James nodded, and casted, while Lily pulled out Peter’s notes from the side table, Sirius levitating the glass shards away from her while she was at it.
James conducted the “Sacrament”, Lily the Sharer, and Sirius the Keeper.
Living room smelt like salt and ozone when they were finished.
“Did it work?” She asked, as James woke Remus.
It did. Even the Wolf couldn't tell until Sirius shared the Secret.
They didn’t take the warding off the room, as they started planning their Grimmo break-in, and Lily cuddled under a blanket on a sofa, watching Sirius chart floor plans, and Remus and James worrying over the paths.
When she came to in early hours of morning with a stiff neck, it was decided that Remus stayed protecting Lily, and James and Sirius searched for the book. And that Peter was in no mental capacity to partake in an Azkaban-worthy affair.
“We can’t burden him too much right now,” said James, and while it must have fell awful to not be completely truthful with their friend, everyone seemed to agree on the matter.
Lily started on medicinal potion, once men unwound the warding. Remus helped chop dittany. Sirius and James packed, donning their field robes on.
She glanced at him, then asked, tone light "Is it really bad for him to have this... gift?"
“It is about as much a gift, as the B- the Wolf is, to me” Remus said quietly. “I know I have not been accepting of it, not as much as I’d reckon, you’d like, but the part of the Curse is fuelled by Pale.”
“You worry the atrocities that are assigned to necromancers are a result of induced madness.”
“You won’t ever understand until you look Beyond, and find something staring back.”
She shuddered.
“Am I selfish?”
Remus put down the knife and gently put his hands on her shoulders. “Merlin, no. Half of it may very well be just, what you call it, medieval superstition. ”
“And yet they’d hate him for these medieval superstitions,” her voice shook.
“People seem to never run out of aptitude for hating people for things beyond their control.” Remus said.
She smiled wryly. Right, a mudblood and a werewolf.

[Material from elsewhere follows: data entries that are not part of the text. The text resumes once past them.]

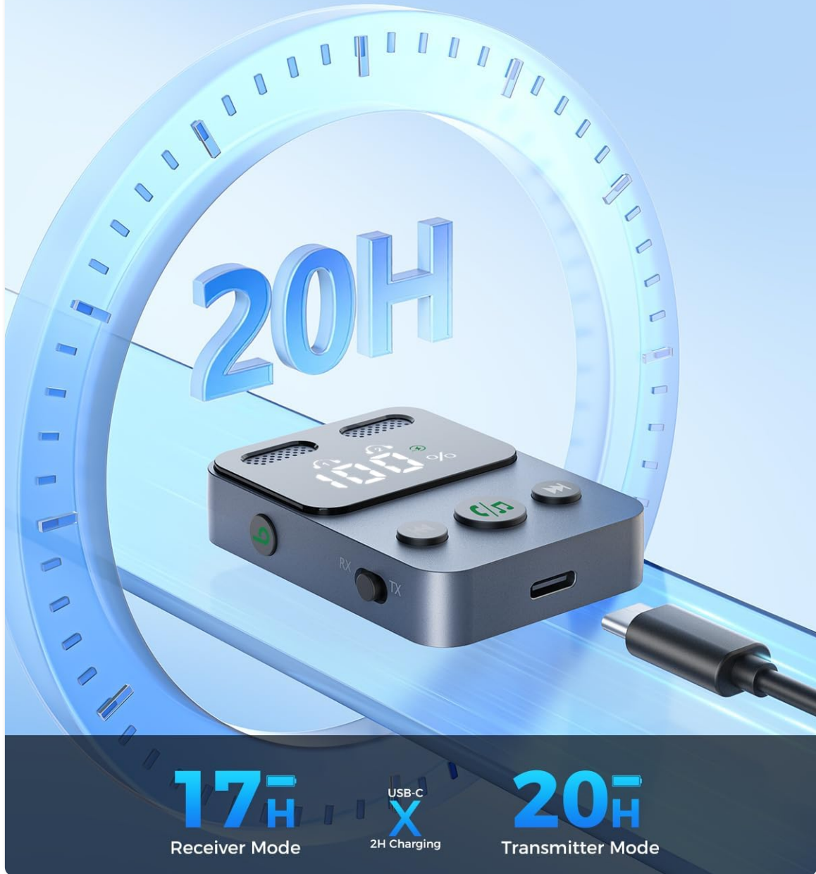
Image: The adapter connected to a USB-C charging cable, highlighting its long battery life and quick charging capability.
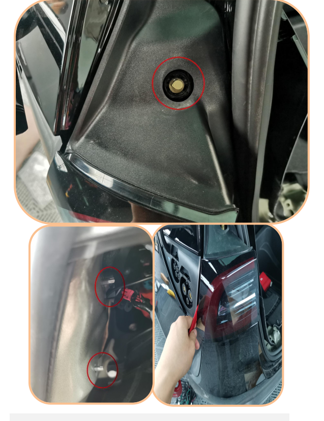
4. Pry off the rear tail light cover, unscrew two nuts on the interior trim panel, and then remove the tail light (the same operation on the left)
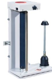
Mechanical brake stretch system designed to offer up to 150% film stretch.
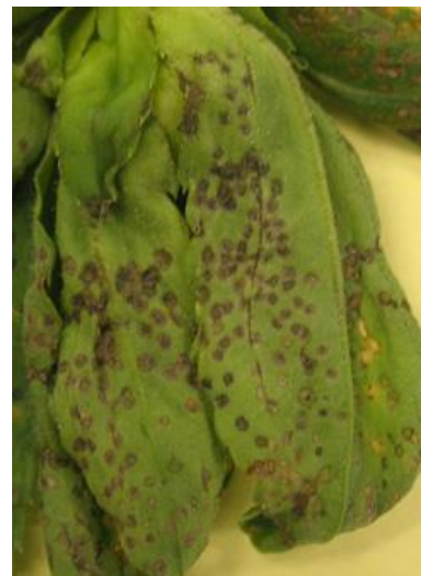
Figure 4 Damage from four-lined plantbug

Be looking for the four-lined plantbug ( Poecilocapsus lineatus ). The nymphs are out, and we are seeing feeding damage on a variety of plants. This insect feeds on 250 species, including many kinds of perennials, vegetables, and shrubs such as bluebeard, forsythia, and sumac. Feeding injury is frequently mistaken for leaf spots. Four-lined plantbugs have piercing, sucking mouthparts which they use to break plant cells and then flush the feeding wound with digestive juices. Damage appears as dark leaf spots (fig. 4) which subsequently turn translucent. The damage is more serious on herbaceous plants than on woody plants. Sometimes by the time the damage is noticed, the insect isn't there anymore. Both nymphs and adults feed on leaves, creating the spots.

She raised her head from the cauldron at the sound of James and Sirius walking in. Sirius hanged back at the entrance not to cramp the kitchen even further, while James pecked her on a cheek, and clasped Remus on his shoulder.
“We are off.”
She swallowed.
“Be safe.”
They left the house, and shortly there were two claps of Apparation.
Remus handed her snake fangs, and unbidden rumour that He was a parselmouth came to mind. Wait.
"Isn't He a necromancer too? I haven't heard of old families trying to put him on a stake”
Remus choked, and Lily waited him out in the absence of their house expert on dark arts.
"Someone who uses necromancy and a necromancer is two different things. He only pierces the Veil forcefully, but your son would call to it like you would to magic.”
“Necromancy literally means divining on the dead, I think. Will he talk to spirits when he grows?”
“Among other things. I guess it is much like prophet business. The ones who see, see too much, and the world hunts them down for it."
“What is so terrifying about seeing dead things? He raises inferi by dozens with no repercussions." she asked.
“He controls them, but he does not control the Veil. There’s a belief that true necromancers command death. And, by Moon, the Pale is looking at your son.”
They fell silent, waiting for James and Sirius’ return.
They returned victorious, if battered; Sirius with cursed burns on his left arm, courtesy of his madden mother, and James with a V-shaped scar across his side. Remus chided them both for carelessness, and Lily agreed - it was a wonder Sirius’ left arm worked at all. They got the book though. Three of them, to obfuscate the true interest.
As Lily hovered with ferula and potions, Remus packed up. He nodded at the three dusty tomes that were acquired, and said: "Tell me if you lack anything for it,” before leaving for the wolves.